Stored data
════════════════════

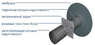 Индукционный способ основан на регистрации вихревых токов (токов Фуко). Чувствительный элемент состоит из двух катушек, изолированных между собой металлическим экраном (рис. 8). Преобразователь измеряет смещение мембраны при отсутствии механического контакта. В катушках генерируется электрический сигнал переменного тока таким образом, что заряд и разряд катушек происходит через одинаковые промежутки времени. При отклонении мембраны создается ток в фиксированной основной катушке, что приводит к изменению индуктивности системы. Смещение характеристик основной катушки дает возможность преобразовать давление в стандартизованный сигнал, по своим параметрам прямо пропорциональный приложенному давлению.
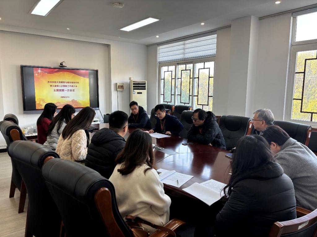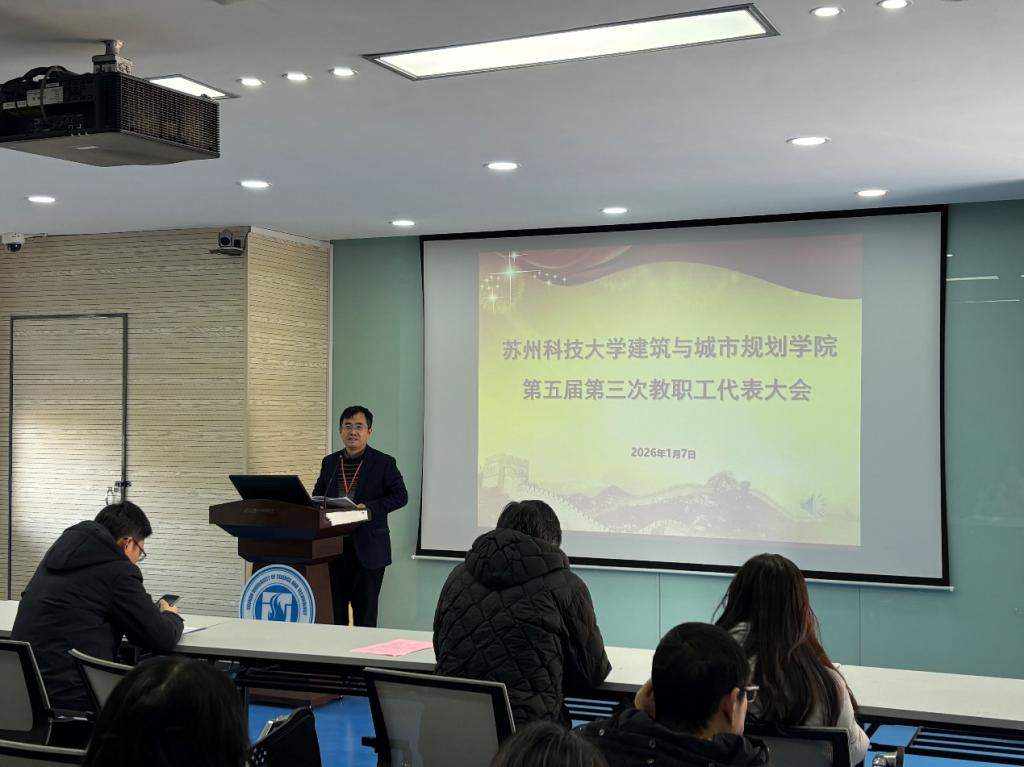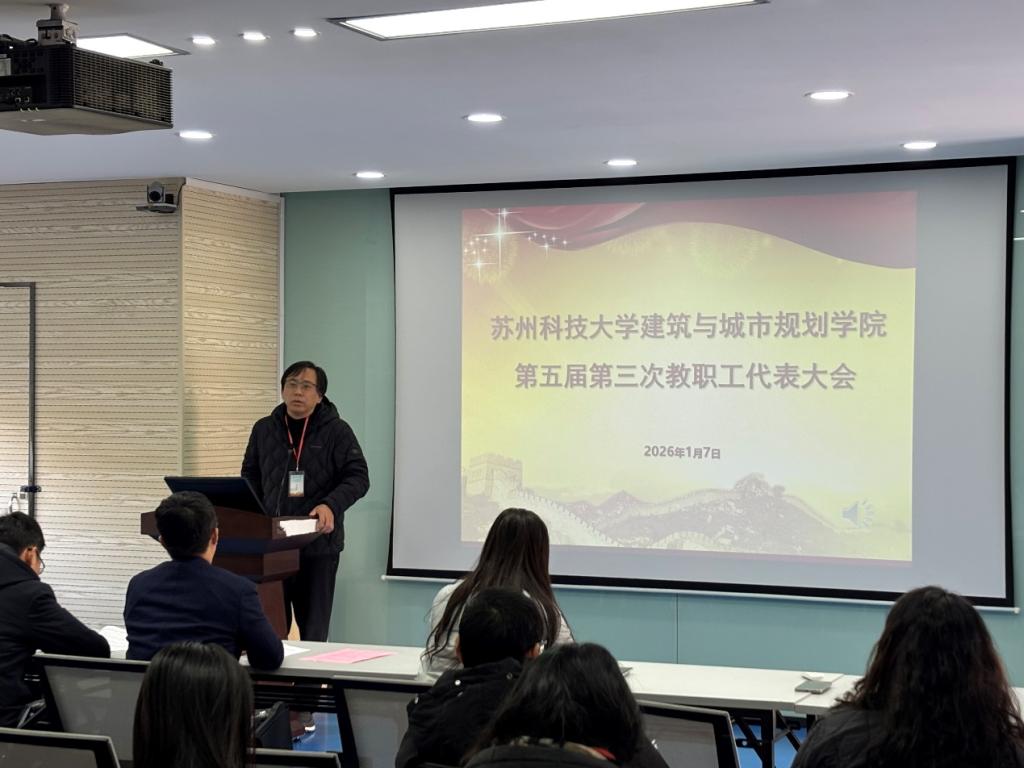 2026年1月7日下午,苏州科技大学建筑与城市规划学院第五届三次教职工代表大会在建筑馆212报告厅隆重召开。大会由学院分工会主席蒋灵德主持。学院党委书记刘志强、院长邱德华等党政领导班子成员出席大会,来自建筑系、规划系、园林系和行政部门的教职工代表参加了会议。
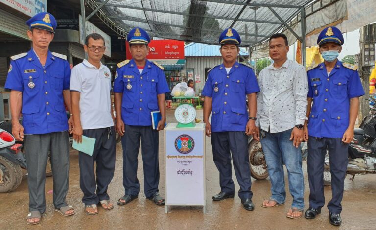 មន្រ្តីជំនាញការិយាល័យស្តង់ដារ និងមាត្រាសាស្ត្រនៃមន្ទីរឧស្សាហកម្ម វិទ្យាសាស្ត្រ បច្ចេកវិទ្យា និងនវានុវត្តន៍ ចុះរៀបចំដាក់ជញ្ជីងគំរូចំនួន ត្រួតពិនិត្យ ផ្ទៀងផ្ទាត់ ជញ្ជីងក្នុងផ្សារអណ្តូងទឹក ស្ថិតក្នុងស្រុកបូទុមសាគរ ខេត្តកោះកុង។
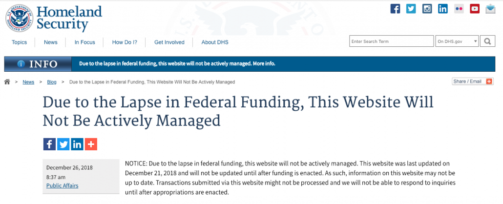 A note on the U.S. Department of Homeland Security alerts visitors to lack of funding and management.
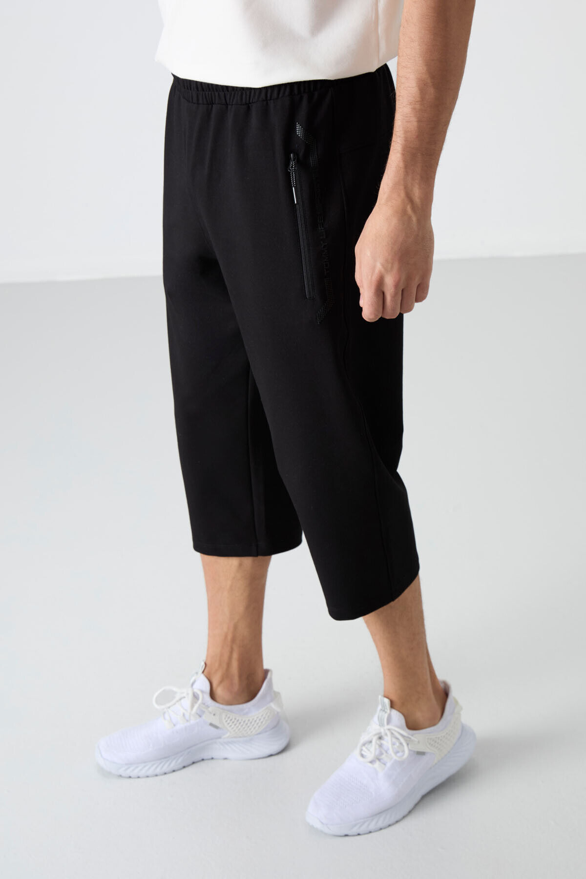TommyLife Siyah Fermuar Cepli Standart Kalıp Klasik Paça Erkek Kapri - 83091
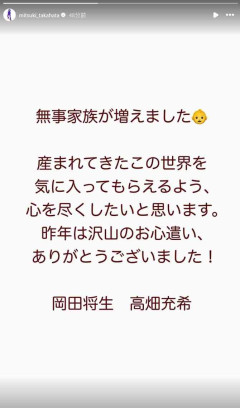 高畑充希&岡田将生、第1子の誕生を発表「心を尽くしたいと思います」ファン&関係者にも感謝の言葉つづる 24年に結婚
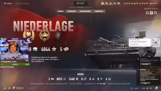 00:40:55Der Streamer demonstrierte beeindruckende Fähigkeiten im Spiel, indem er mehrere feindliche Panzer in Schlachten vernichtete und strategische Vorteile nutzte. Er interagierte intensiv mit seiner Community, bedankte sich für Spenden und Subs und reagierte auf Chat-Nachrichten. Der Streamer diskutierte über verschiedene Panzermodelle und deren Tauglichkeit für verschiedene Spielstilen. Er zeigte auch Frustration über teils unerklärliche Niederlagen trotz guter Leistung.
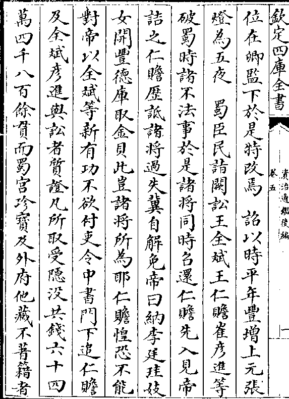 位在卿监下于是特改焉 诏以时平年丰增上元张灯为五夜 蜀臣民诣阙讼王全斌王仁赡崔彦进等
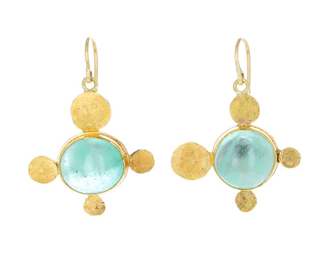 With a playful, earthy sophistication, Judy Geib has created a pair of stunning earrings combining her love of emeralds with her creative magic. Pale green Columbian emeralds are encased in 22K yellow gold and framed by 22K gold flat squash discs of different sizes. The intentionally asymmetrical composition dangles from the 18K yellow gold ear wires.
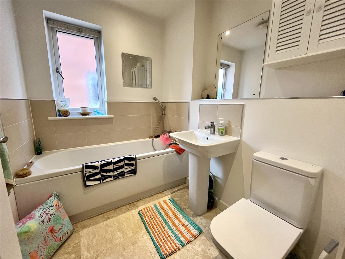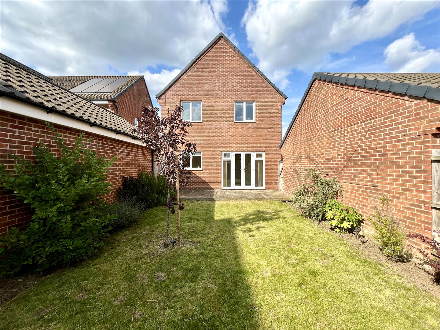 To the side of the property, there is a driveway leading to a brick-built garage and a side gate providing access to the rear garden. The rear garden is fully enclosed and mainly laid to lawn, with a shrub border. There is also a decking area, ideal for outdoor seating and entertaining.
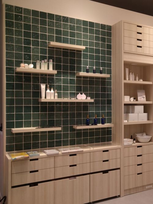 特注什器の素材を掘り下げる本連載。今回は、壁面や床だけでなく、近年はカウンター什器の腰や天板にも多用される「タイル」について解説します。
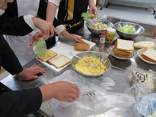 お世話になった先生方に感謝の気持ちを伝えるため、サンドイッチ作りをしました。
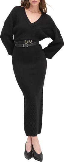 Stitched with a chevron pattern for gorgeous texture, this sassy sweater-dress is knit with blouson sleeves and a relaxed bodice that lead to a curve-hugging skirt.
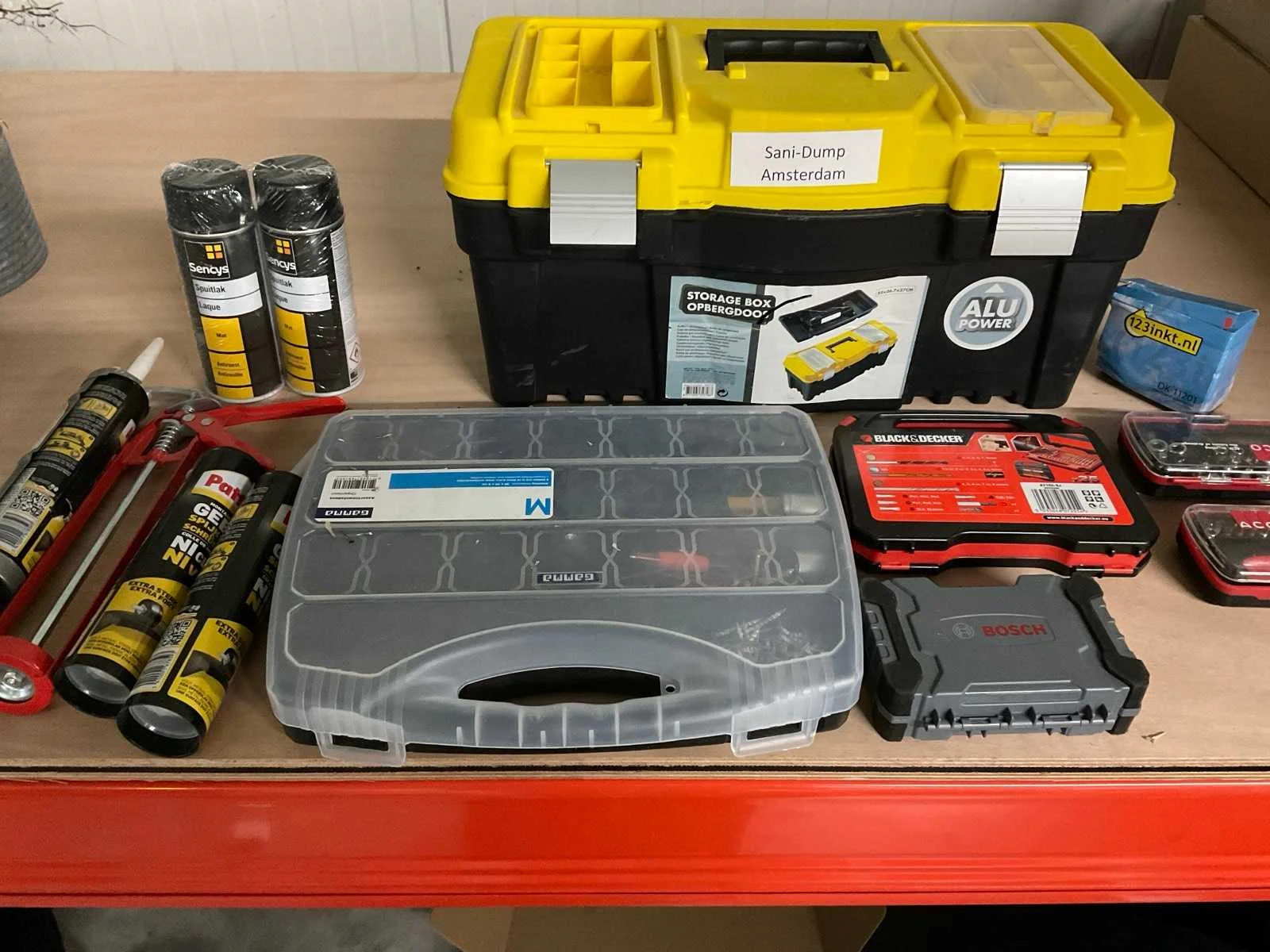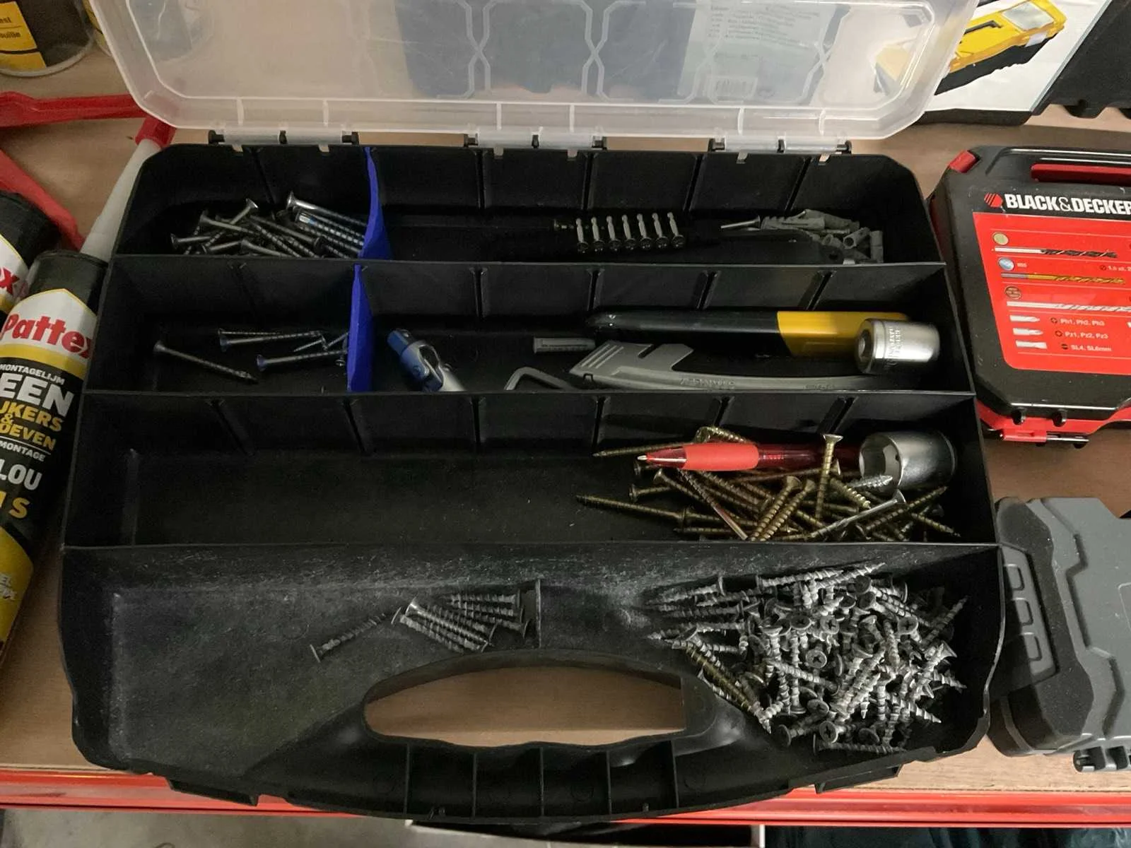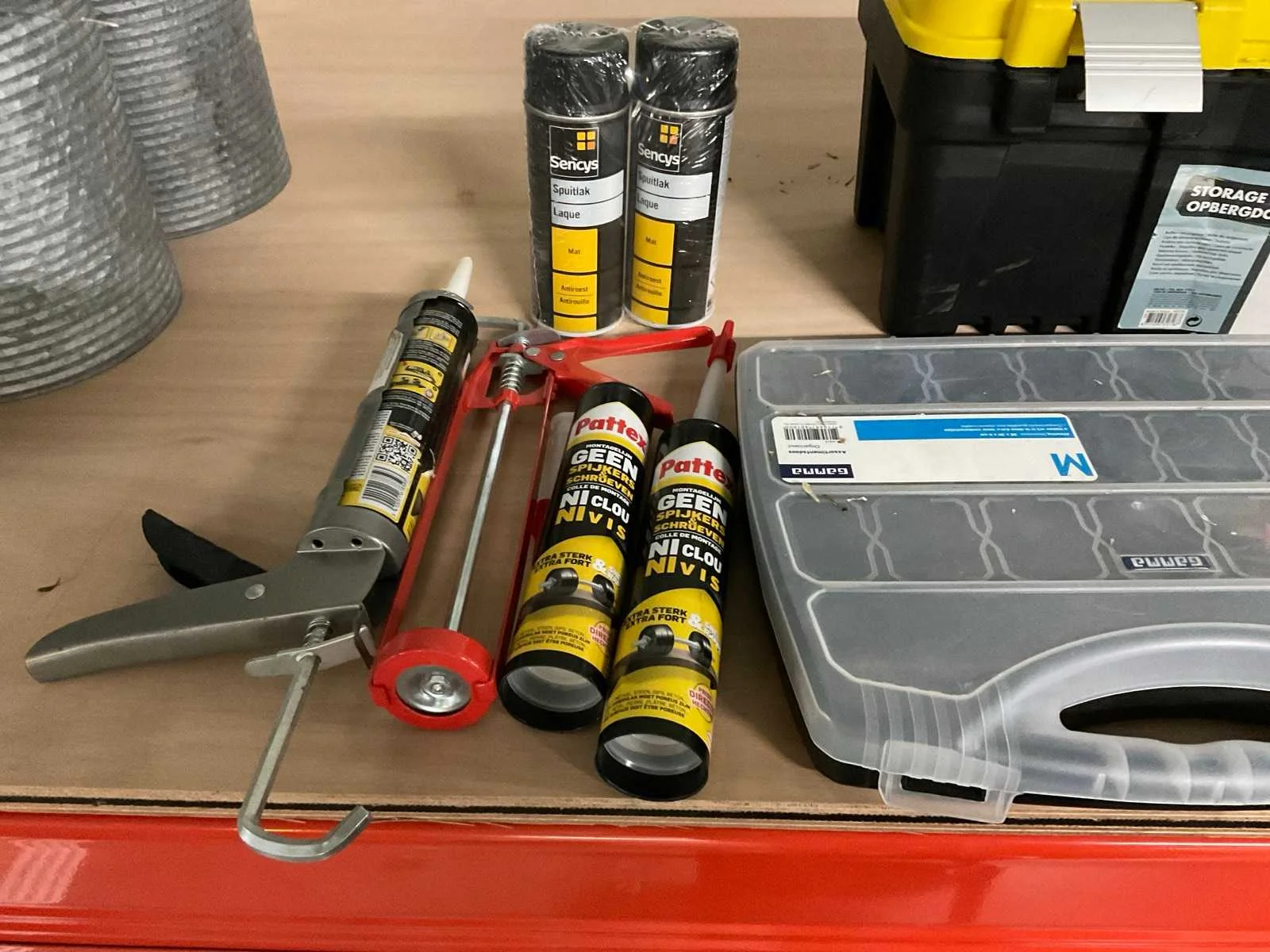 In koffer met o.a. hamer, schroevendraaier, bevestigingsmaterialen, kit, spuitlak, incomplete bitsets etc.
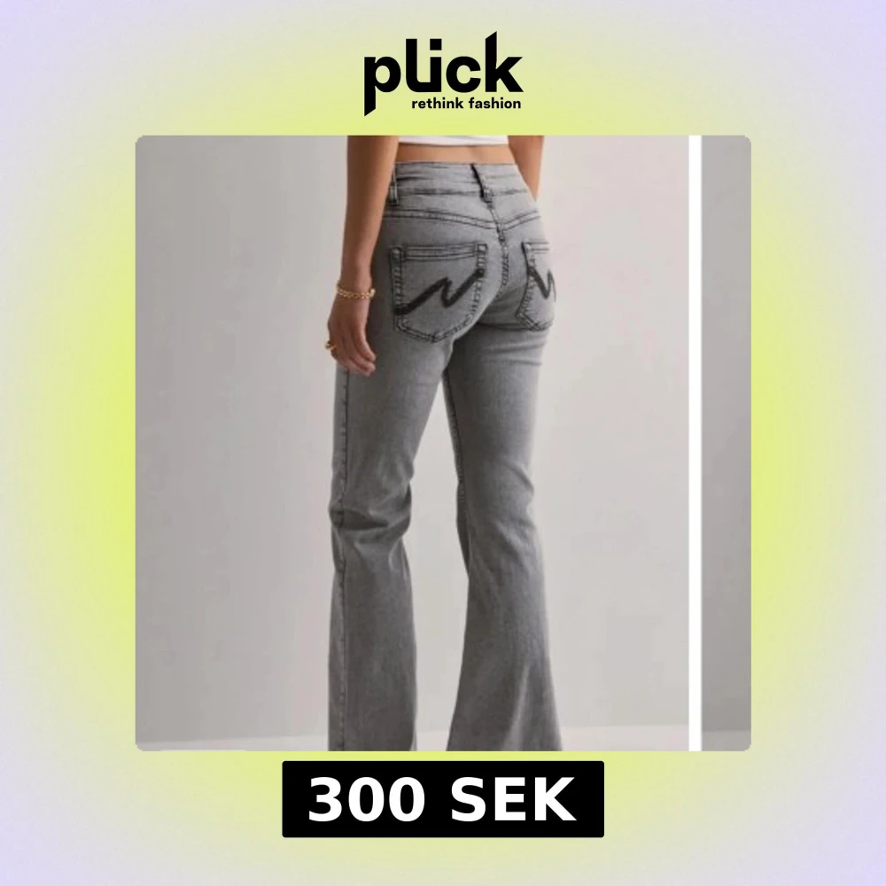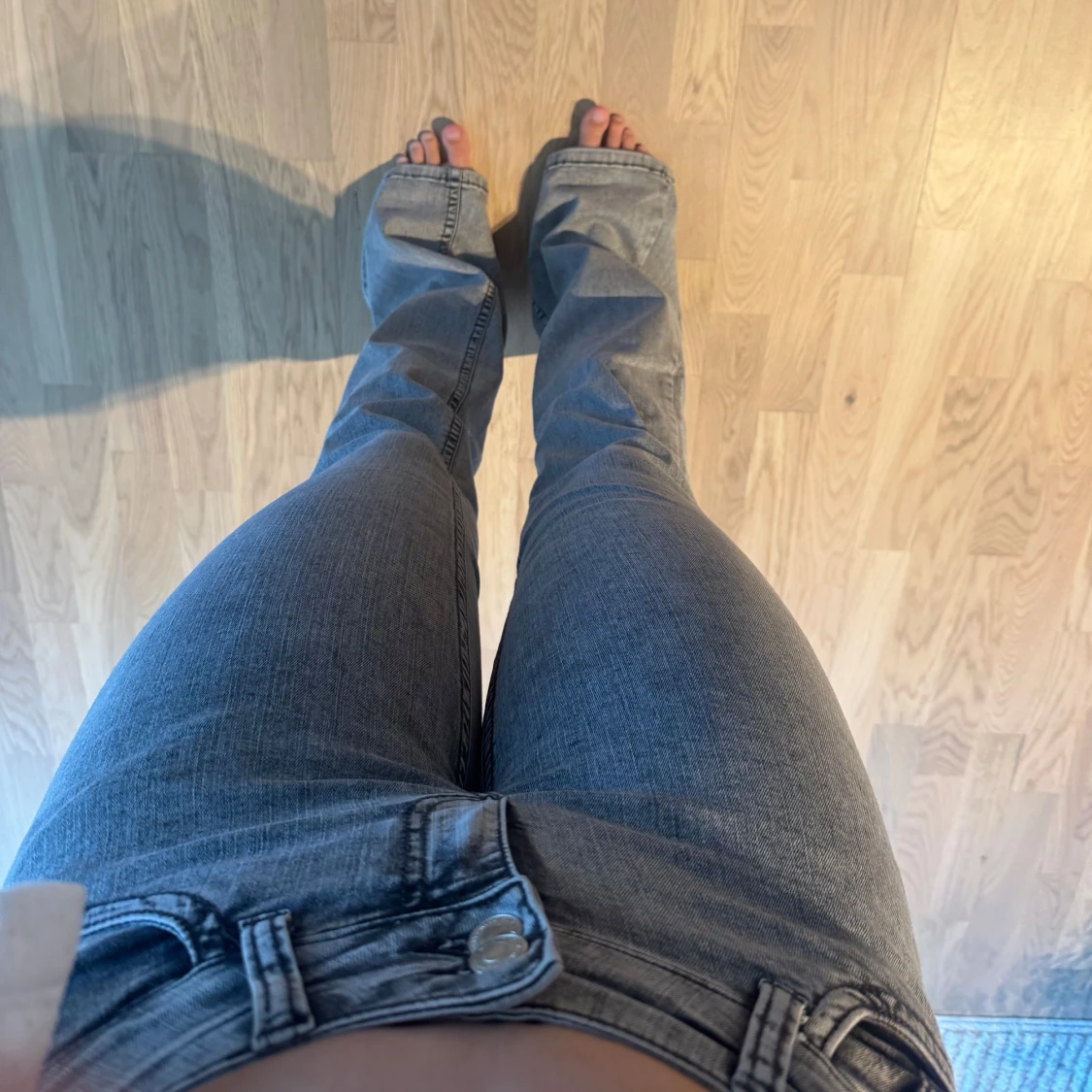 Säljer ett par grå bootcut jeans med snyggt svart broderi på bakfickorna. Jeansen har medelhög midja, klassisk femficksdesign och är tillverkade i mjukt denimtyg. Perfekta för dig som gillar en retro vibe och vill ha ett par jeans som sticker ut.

════════════════════

→ What is expected: Copy exactly the lines from the one containing "With a playful, earthy" through the last line of the records above, including both, and omit every picture.

→ Result of the exercise:
 With a playful, earthy sophistication, Judy Geib has created a pair of stunning earrings combining her love of emeralds with her creative magic. Pale green Columbian emeralds are encased in 22K yellow gold and framed by 22K gold flat squash discs of different sizes. The intentionally asymmetrical composition dangles from the 18K yellow gold ear wires.
 To the side of the property, there is a driveway leading to a brick-built garage and a side gate providing access to the rear garden. The rear garden is fully enclosed and mainly laid to lawn, with a shrub border. There is also a decking area, ideal for outdoor seating and entertaining.
 特注什器の素材を掘り下げる本連載。今回は、壁面や床だけでなく、近年はカウンター什器の腰や天板にも多用される「タイル」について解説します。
 お世話になった先生方に感謝の気持ちを伝えるため、サンドイッチ作りをしました。
 Stitched with a chevron pattern for gorgeous texture, this sassy sweater-dress is knit with blouson sleeves and a relaxed bodice that lead to a curve-hugging skirt.
 In koffer met o.a. hamer, schroevendraaier, bevestigingsmaterialen, kit, spuitlak, incomplete bitsets etc.
 Säljer ett par grå bootcut jeans med snyggt svart broderi på bakfickorna. Jeansen har medelhög midja, klassisk femficksdesign och är tillverkade i mjukt denimtyg. Perfekta för dig som gillar en retro vibe och vill ha ett par jeans som sticker ut.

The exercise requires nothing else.